Por Nuno Leal, Co-CEO do Doutor Finanças
O movimento de redução do número de balcões que a banca levou a cabo nos últimos anos teve os seus frutos no que respeita à eficiência e rentabilidade do setor bancário, mas acabou por se traduzir numa perda de capilaridade geográfica que foi, em grande parte, preenchida pelos intermediários de crédito, que mais do que duplicaram nos últimos cinco anos.
Este crescimento do número de intermediários permitiu que não se sentisse uma quebra no serviço e acesso ao crédito, mas colocou novos desafios ao regulador. O crescimento foi de tal ordem que acabou por ser algo desorganizado e até desregulado. O regulador pode (e deve) ter um papel mais ativo, para garantir que os intermediários sabem o que estão a fazer, que percebem efetivamente de intermediação.
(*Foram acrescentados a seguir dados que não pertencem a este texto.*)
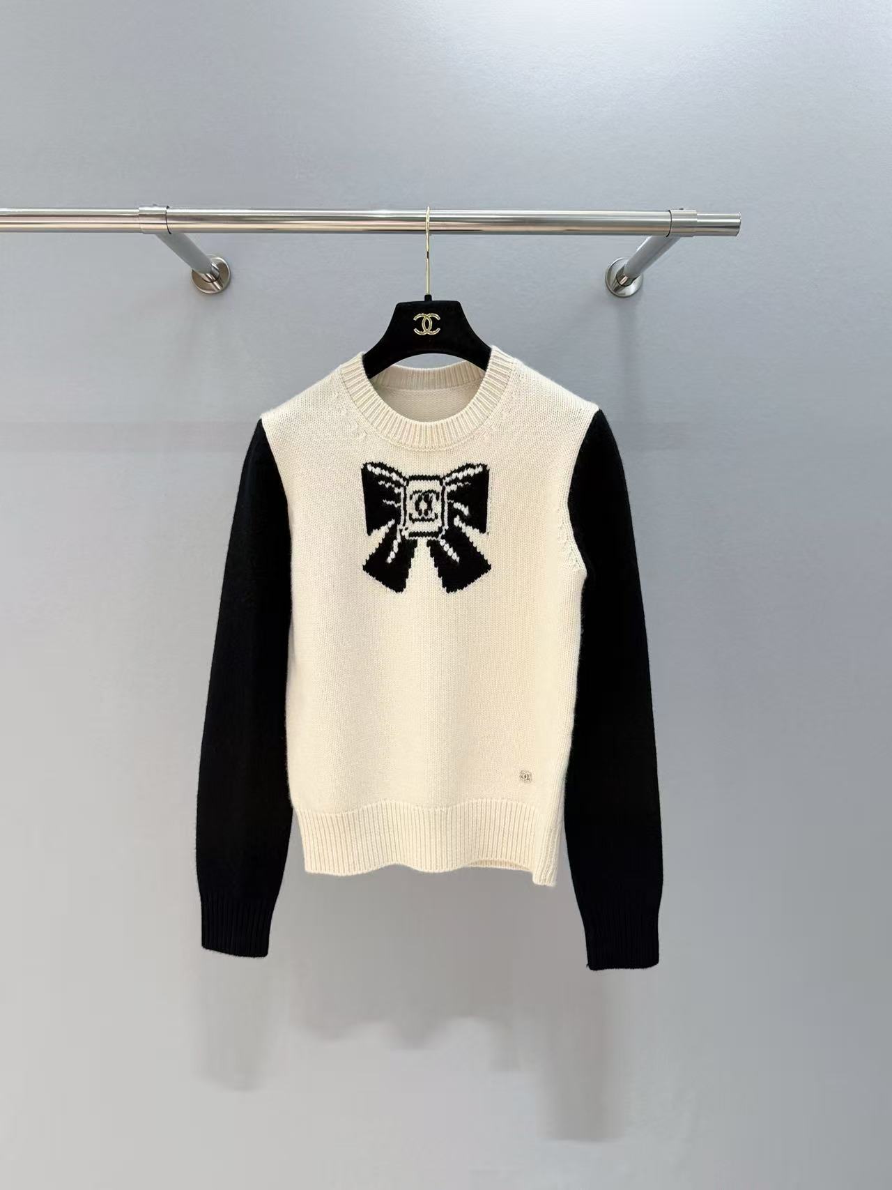2025早秋 C家 黑色蝴蝶結提花羊絨毛衣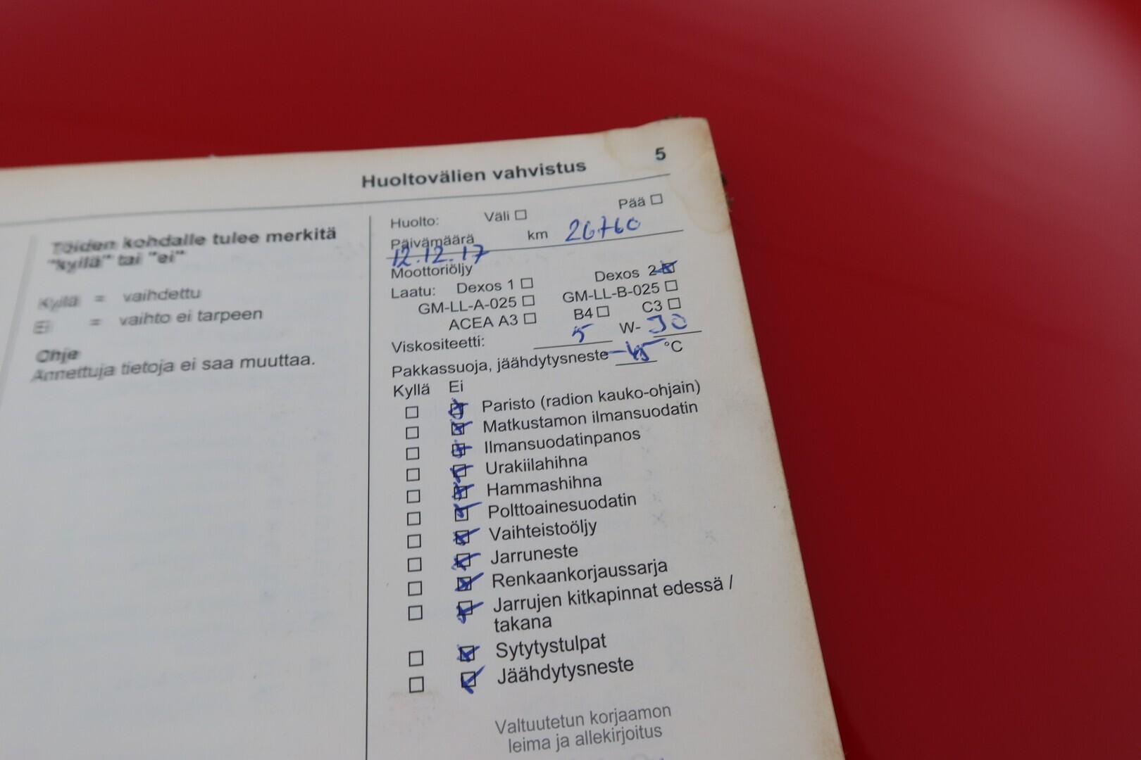 Huoltokirja, viimeisin huolto tehty n. 109tkm. ajettuna!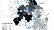 Xit is a collection of control variables, which includes: ①The economic structure can be assessed by the percentage of the secondary industry’s output value in the GDP. ②The consumption scale is determined by the ratio of retail sales of consumer goods to GDP. ③The scale of government, which can indicate the level of government involvement in the social economy, is determined by the ratio of general government fiscal expenditure to GDP. ④The level of human capital is a significant factor that influences marginal output, as indicated by the number of primary and secondary school students per 10,000. ⑤The measurement of resources and environment is determined by the amount of green space per person. δi, the regional-fixed effect, is a consistent factor that remains unchanged over time and has an impact on the result. The time-fixed effect μt is utilized to manage the impact of time-varying factors. εit represents the perturbed term. In Eq. (10), where \({\it{\epsilon }}\sim iid\left( {0,\quad \sigma _{\it{\epsilon }}^2I} \right)\), In represents elements of N × 1 and 1 column, and \(\mathop {\sum}\nolimits_{j = 1}^n {W_{ij}\varepsilon _{it}}\) represents the interaction effect of the disturbance.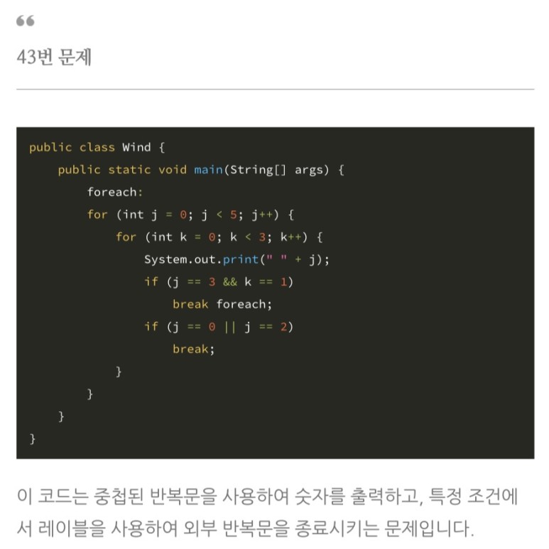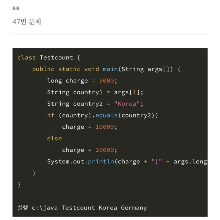 💡 드디어 마지막 특강! 50번 문제 class Feline { public static void main(String[] args) { Long x = 42L; // Long 타입의 정수 값인 42와 44로 취급해도 무방 Long y = 44L; // 즉 x = 42, y =44 System.out.print(" " + 7 + 2 + " "); // "+"가 7이랑 2를 연결한다는 의미. 앞에 문자열이 들어가면 연산자가 안 되고, 연결이 됨. System.out.print(foo() + x + 5 + " "); System.out.println(x + y + foo()); // x + y는 문자열 연결이 아니라 연산자로 수행 } static String foo() { return "foo"; } } L..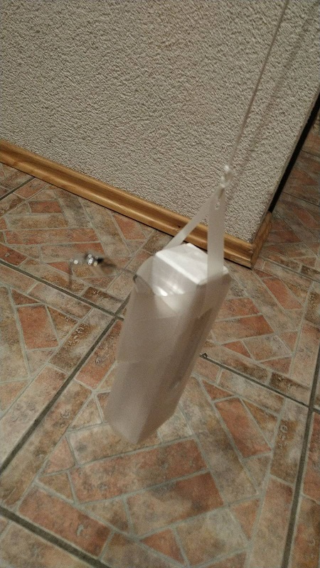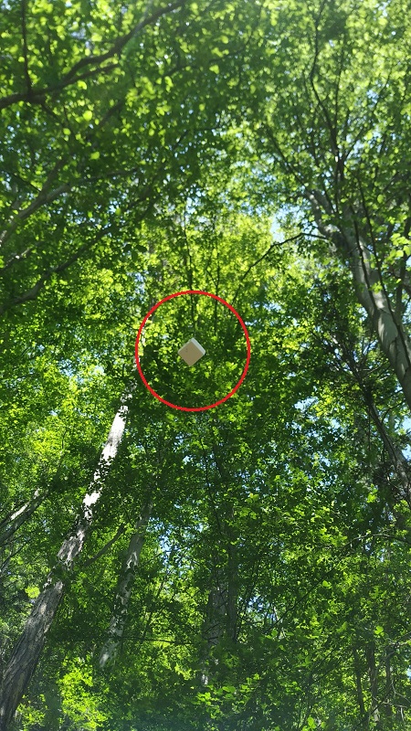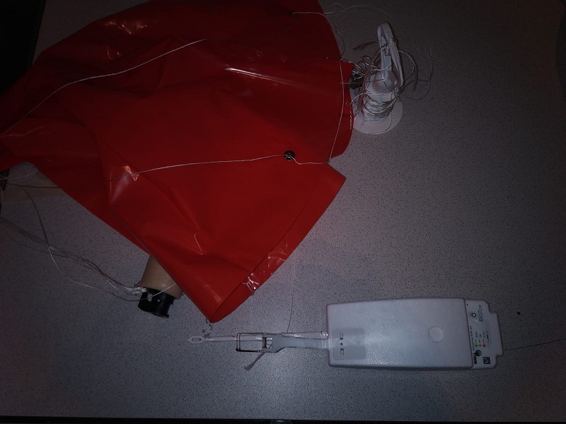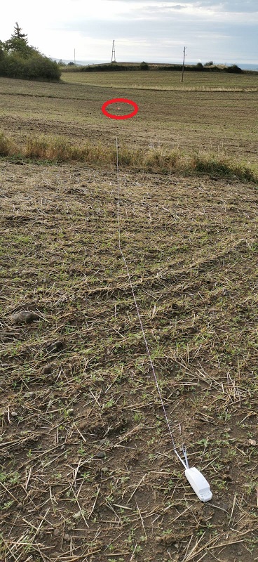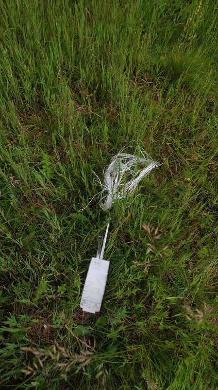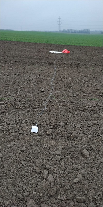 aber vom Ballon nach unten gezogen wurde und hinten nach als oberster Teil dann die Sonde,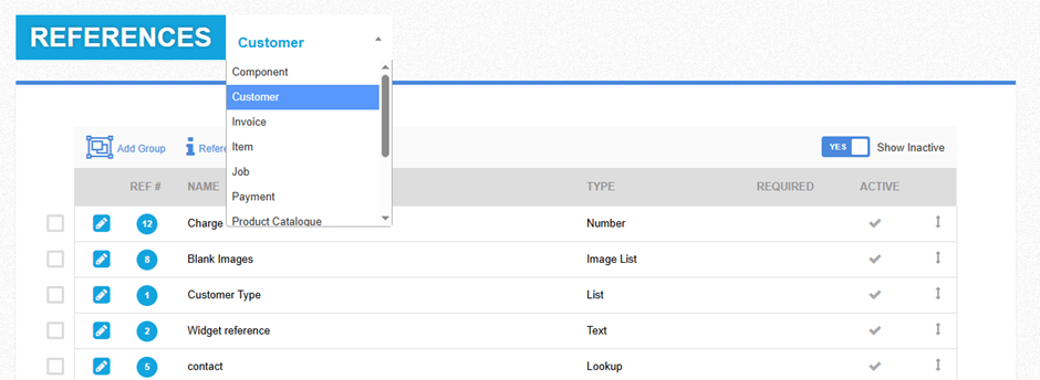 Component, Customer, Product Catalogue and Task all have 20 references available. Invoice, Item, Job, Payment, Product Catalogue, Quote, Quote Product and Rework all have 30.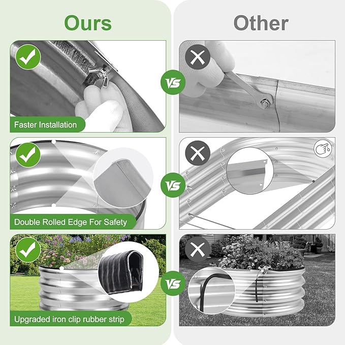 - 【Upgrade Quality & Structure 】The raised garden bed is made of thick galvanized metal with a surface spray coating, which is rust proof and anti-corrosion. Can be used for a long time. The Round design ensures uniform surface force and prevents deformation. More durable than other raised planter box, becoming a good helper for your garden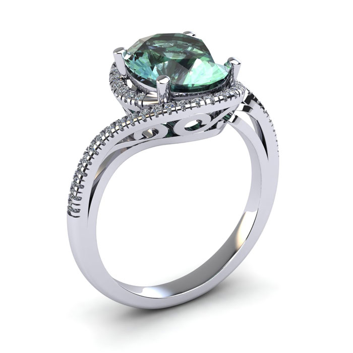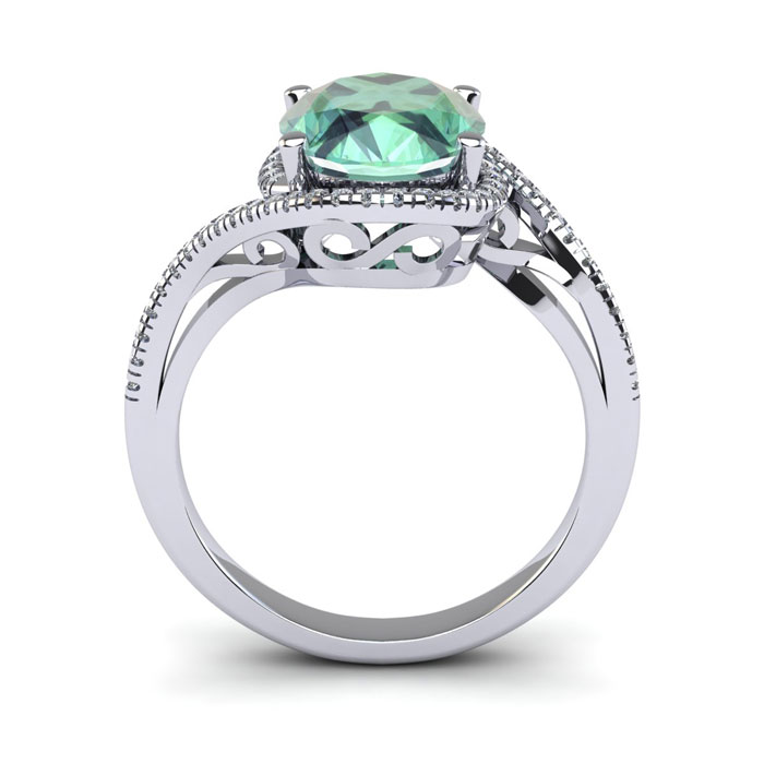 1 Carat Oval Shape Green Amethyst and Halo Diamond Ring In 14 Karat White Gold

Não basta estar no mercado, é preciso estar preparado para o fazer com responsabilidade.
É neste contexto que faz sentido que o mercado caminhe para alguma concentração. Que haja maior organização em redes, porque isso dá mais robustez ao setor e maior segurança ao regulador. Reduz o risco regulatório e permite um controlo de qualidade mais eficaz. Sejamos realistas: o regulador não vai conseguir supervisionar os cerca de 5.800 intermediários de crédito (dos quais 2.200 operam especificamente no segmento de crédito habitação) de forma próxima e eficiente. Por isso, é fundamental que o próprio setor se organize e eleve os seus padrões.
Olhando para o futuro, o papel dos intermediários deverá continuar a consolidar-se, contribuindo para descomplicar o acesso ao crédito e a reduzir as dores dos processos para o consumidor final. Os intermediários de crédito operam em parceria com os bancos, assentando a sua oferta de valor no serviço e não no produto, pois este não está nas suas mãos, mas sim dos parceiros com quem trabalha. Ao focar no serviço, o intermediário está numa posição ímpar para oferecer uma opinião isenta e personalizada. Se o intermediário conseguir descomplicar e dar uma opinião imparcial, quando o cliente chegar ao banco é porque aquela é, de facto, a melhor opção para ele.
Este papel ajuda a dar uma imagem mais limpa, transparente e honesta ao setor financeiro, beneficiando todos os “players”. Isto aplica-se à intermediação de crédito como a qualquer outra. Basta pensarmos no mercado automóvel: o que oferece um stand que representa uma única marca versus um que trabalha com várias? A diversidade e a imparcialidade são, por si só, um valor acrescentado.
E o papel dos intermediários não termina aqui. Têm também um contributo importante na digitalização dos processos. O setor da concessão de crédito continua a seguir leis antigas e desajustadas da realidade atual. Entretanto, o mundo mudou, e os intermediários podem ajudar a fazer essa mudança do seu lado, sem que os bancos tenham de a fazer sozinhos. Têm a capacidade de construir processos muito mais ágeis, mais robustos e mais seguros. Podem entregar aos bancos o produto final através de API, com análise prévia de risco feita e toda a documentação reunida e validada. Quando chega ao banco, o processo encontra-se numa fase mais avançada, sendo mais célere. Não precisa de começar do zero, nem de consumir tempo e recursos adicionais.
Este é o caminho para um mercado mais maduro, mais eficiente e mais justo. Um mercado onde todos – reguladores, bancos, intermediários e consumidores – saem a ganhar.